*** Information shown Section Begins ***

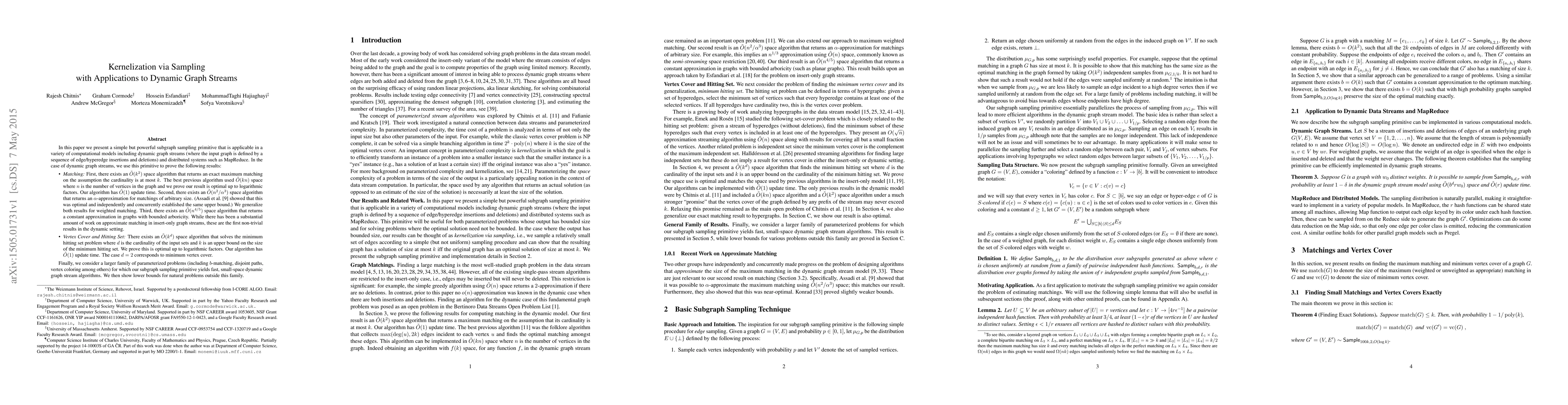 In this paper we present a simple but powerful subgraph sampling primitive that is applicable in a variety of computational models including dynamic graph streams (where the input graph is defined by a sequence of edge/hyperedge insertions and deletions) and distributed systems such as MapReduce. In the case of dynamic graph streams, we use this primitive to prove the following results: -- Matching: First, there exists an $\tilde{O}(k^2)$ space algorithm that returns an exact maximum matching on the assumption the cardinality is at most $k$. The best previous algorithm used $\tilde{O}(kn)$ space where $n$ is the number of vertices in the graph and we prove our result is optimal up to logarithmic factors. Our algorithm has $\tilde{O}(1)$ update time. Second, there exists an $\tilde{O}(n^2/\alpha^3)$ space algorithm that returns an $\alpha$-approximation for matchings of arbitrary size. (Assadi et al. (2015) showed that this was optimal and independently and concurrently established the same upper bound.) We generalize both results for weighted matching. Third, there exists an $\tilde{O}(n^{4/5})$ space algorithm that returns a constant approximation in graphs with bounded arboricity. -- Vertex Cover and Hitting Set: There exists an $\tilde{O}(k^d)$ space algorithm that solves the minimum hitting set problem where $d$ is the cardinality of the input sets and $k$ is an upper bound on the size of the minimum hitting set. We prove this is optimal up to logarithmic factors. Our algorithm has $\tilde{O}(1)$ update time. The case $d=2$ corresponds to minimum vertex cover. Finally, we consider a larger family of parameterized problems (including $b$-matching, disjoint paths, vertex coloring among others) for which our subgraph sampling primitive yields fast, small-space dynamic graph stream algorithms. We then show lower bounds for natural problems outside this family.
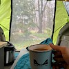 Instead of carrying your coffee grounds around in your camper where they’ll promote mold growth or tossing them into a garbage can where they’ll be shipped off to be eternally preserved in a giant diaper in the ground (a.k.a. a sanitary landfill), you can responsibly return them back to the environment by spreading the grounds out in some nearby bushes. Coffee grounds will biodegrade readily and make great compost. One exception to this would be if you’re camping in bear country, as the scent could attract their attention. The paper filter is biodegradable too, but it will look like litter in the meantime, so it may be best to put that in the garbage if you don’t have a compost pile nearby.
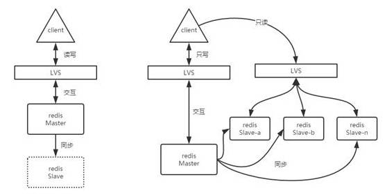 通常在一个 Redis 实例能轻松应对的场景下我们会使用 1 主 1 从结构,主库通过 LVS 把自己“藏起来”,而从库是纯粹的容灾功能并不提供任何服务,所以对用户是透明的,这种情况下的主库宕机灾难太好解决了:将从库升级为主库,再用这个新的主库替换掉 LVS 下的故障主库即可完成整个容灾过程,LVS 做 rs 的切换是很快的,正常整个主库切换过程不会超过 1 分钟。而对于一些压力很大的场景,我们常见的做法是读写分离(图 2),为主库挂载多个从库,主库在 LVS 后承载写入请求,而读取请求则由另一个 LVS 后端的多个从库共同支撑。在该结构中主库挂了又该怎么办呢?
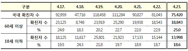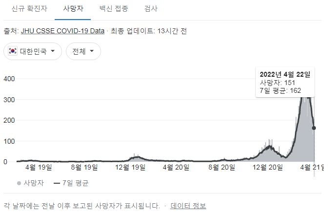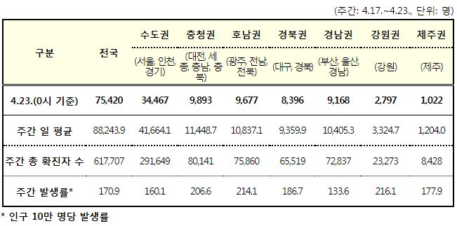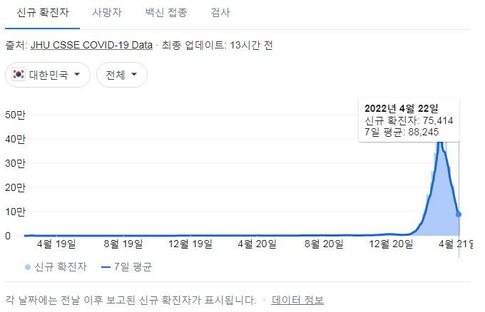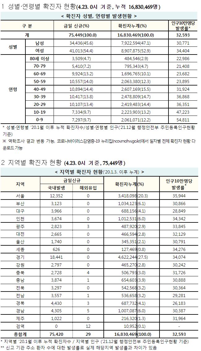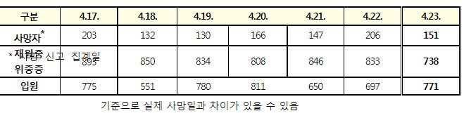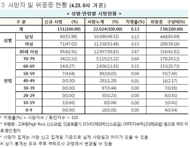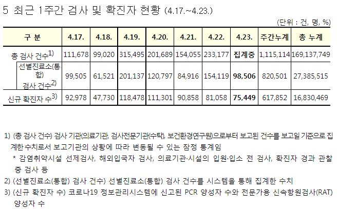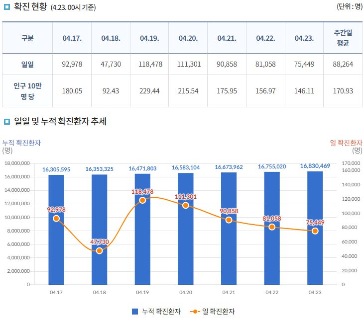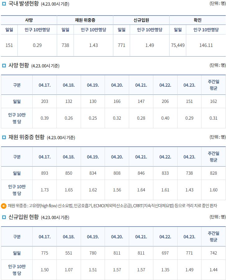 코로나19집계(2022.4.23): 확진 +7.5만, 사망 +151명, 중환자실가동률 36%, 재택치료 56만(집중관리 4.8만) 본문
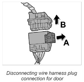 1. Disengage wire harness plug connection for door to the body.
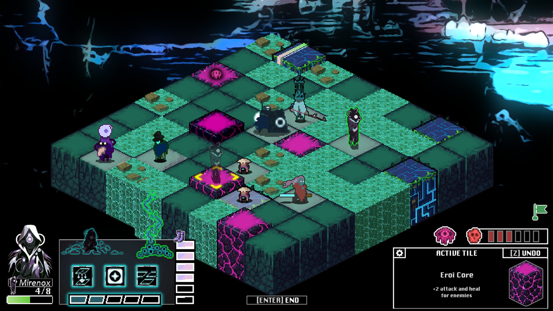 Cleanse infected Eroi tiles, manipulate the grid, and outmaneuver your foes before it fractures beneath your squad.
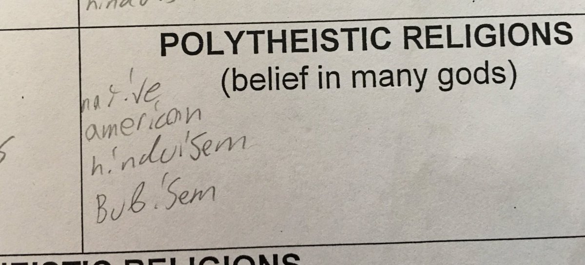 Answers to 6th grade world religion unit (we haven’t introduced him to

*** Information shown Section Ends ***

Exactly as written, copy the entries above without their pictures.

 In this paper we present a simple but powerful subgraph sampling primitive that is applicable in a variety of computational models including dynamic graph streams (where the input graph is defined by a sequence of edge/hyperedge insertions and deletions) and distributed systems such as MapReduce. In the case of dynamic graph streams, we use this primitive to prove the following results: -- Matching: First, there exists an $\tilde{O}(k^2)$ space algorithm that returns an exact maximum matching on the assumption the cardinality is at most $k$. The best previous algorithm used $\tilde{O}(kn)$ space where $n$ is the number of vertices in the graph and we prove our result is optimal up to logarithmic factors. Our algorithm has $\tilde{O}(1)$ update time. Second, there exists an $\tilde{O}(n^2/\alpha^3)$ space algorithm that returns an $\alpha$-approximation for matchings of arbitrary size. (Assadi et al. (2015) showed that this was optimal and independently and concurrently established the same upper bound.) We generalize both results for weighted matching. Third, there exists an $\tilde{O}(n^{4/5})$ space algorithm that returns a constant approximation in graphs with bounded arboricity. -- Vertex Cover and Hitting Set: There exists an $\tilde{O}(k^d)$ space algorithm that solves the minimum hitting set problem where $d$ is the cardinality of the input sets and $k$ is an upper bound on the size of the minimum hitting set. We prove this is optimal up to logarithmic factors. Our algorithm has $\tilde{O}(1)$ update time. The case $d=2$ corresponds to minimum vertex cover. Finally, we consider a larger family of parameterized problems (including $b$-matching, disjoint paths, vertex coloring among others) for which our subgraph sampling primitive yields fast, small-space dynamic graph stream algorithms. We then show lower bounds for natural problems outside this family.
 Instead of carrying your coffee grounds around in your camper where they’ll promote mold growth or tossing them into a garbage can where they’ll be shipped off to be eternally preserved in a giant diaper in the ground (a.k.a. a sanitary landfill), you can responsibly return them back to the environment by spreading the grounds out in some nearby bushes. Coffee grounds will biodegrade readily and make great compost. One exception to this would be if you’re camping in bear country, as the scent could attract their attention. The paper filter is biodegradable too, but it will look like litter in the meantime, so it may be best to put that in the garbage if you don’t have a compost pile nearby.
 通常在一个 Redis 实例能轻松应对的场景下我们会使用 1 主 1 从结构,主库通过 LVS 把自己“藏起来”,而从库是纯粹的容灾功能并不提供任何服务,所以对用户是透明的,这种情况下的主库宕机灾难太好解决了:将从库升级为主库,再用这个新的主库替换掉 LVS 下的故障主库即可完成整个容灾过程,LVS 做 rs 的切换是很快的,正常整个主库切换过程不会超过 1 分钟。而对于一些压力很大的场景,我们常见的做法是读写分离(图 2),为主库挂载多个从库,主库在 LVS 后承载写入请求,而读取请求则由另一个 LVS 后端的多个从库共同支撑。在该结构中主库挂了又该怎么办呢?
 코로나19집계(2022.4.23): 확진 +7.5만, 사망 +151명, 중환자실가동률 36%, 재택치료 56만(집중관리 4.8만) 본문
 1. Disengage wire harness plug connection for door to the body.
 Cleanse infected Eroi tiles, manipulate the grid, and outmaneuver your foes before it fractures beneath your squad.
 Answers to 6th grade world religion unit (we haven’t introduced him to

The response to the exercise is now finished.